DTap vs TDap Vaccins
Het beheer van overdraagbare ziekten kwam op de voorgrond door het gebruik van antibiotica. Maar nu worden de preventieve aspecten van overdraagbare ziekten herzien en komen er nieuwe technieken op om de verspreiding van infecties te voorkomen. Infecties die op weg zijn om de belangrijkste oorzaken van menselijke morbiditeit en mortaliteit te zijn, zijn difterie, kinkhoest en tetanus. De strijd tegen deze infecties en hun verspreiding vindt plaats in de vorm van vaccinaties. Maar ze zijn niet onomstreden. Als u echter risico versus voordeel neemt, suggereert een op feiten gebaseerde manier van kijken naar vaccins dat ze meer goed dan kwaad doen. Hier bespreken we de twee soorten DPT-vaccinaties en hoe ze van elkaar verschillen.
DTap Vaccin
DTap is een gecombineerd vaccin tegen difterie, tetanus en kinkhoest. Deze bevatten acellulaire pertusis; dus gericht op meer specifieke antigenen met minder immuunrespons, in tegenstelling tot de hele celvariant van het vaccin. De verminderde bijwerkingen zijn koorts, pijn en roodheid. Onlangs werd aangegeven dat deze acellulaire component minder efficiënt is in het overdragen van immuniteit, omdat ze de huidige stammen niet volledig kunnen dekken. Deze vaccinatie wordt gebruikt in de vaccinatieprogramma's voor kinderen over de hele wereld.
TDap Vaccin
TDap is ook een gecombineerd vaccin tegen bovengenoemde microben. Maar dit vaccin is gespecificeerd voor adolescenten en volwassenen. Dit gecombineerde vaccin heeft een hogere concentratie tetanustoxoïde; dus het overbrengen van een hoger niveau van immuniteit tegen de tetanusbacterie. Bovendien worden, vanwege de acellulariteit van kinkhoest en lagere niveaus van difterie, de bijwerkingen die gepaard gaan met het vaccin ook vermeden. Dit vaccin kan worden gegeven als boostervaccin voor tetanus en als profylaxe voor wonden met een hoog risico.
Wat is het verschil tussen DTap- en TDap-vaccins?
Ter vergelijking: zowel DTap als Tdap bevatten gedode of verzwakte deeltjes difterie, tetanus en kinkhoest. Beiden dragen bij aan de drastische daling van de mortaliteit en morbiditeit die gepaard gaan met deze infecties. Beide kinkhoestdeeltjes zijn acellulair; dus, met een verminderde incidentie van bijwerkingen. Maar beide acellulaire deeltjes zouden minder effectief zijn. Waar DTap wordt gegeven voor personen onder de 10 jaar, wordt Tdap gegeven voor personen tussen 11 en 64 jaar. In DTap is er bijna synchrone activiteit om antilichamen te produceren tegen alle drie de organismen; Tdap heeft een verminderde activiteit tegen zowel difterie als kinkhoest, en meer activiteit voor tetanus. Het vaccin voor volwassenen kan dus equivalent zijn aan het tetanustoxoïde en kan worden gebruikt bij de behandeling van boosters voor tetanus en profylaxe bij wondbehandeling.

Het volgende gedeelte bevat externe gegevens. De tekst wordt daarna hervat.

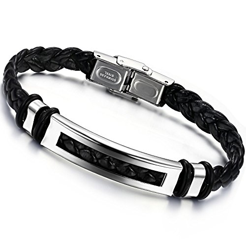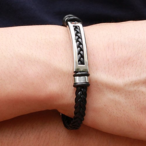 Men's braided leather bracelet with a stainless steel clasp. This measures 8 1/2 inches. The bracelet is 8mm wide.

Bijwerkingsprofiel is hetzelfde in beide, maar minder in Tdap.
Beide vaccins zijn belangrijk, en DTap is voor jongeren, terwijl TDap voor ouderen. TDap is tetanustoxoïde met een bijkomend voordeel, maar DTap vertoont een equivalente activiteit voor alle organismen. Er is echter meer bewijs dat suggereert dat het gebruik van de vaccins gunstig is dan het helemaal niet gebruiken ervan.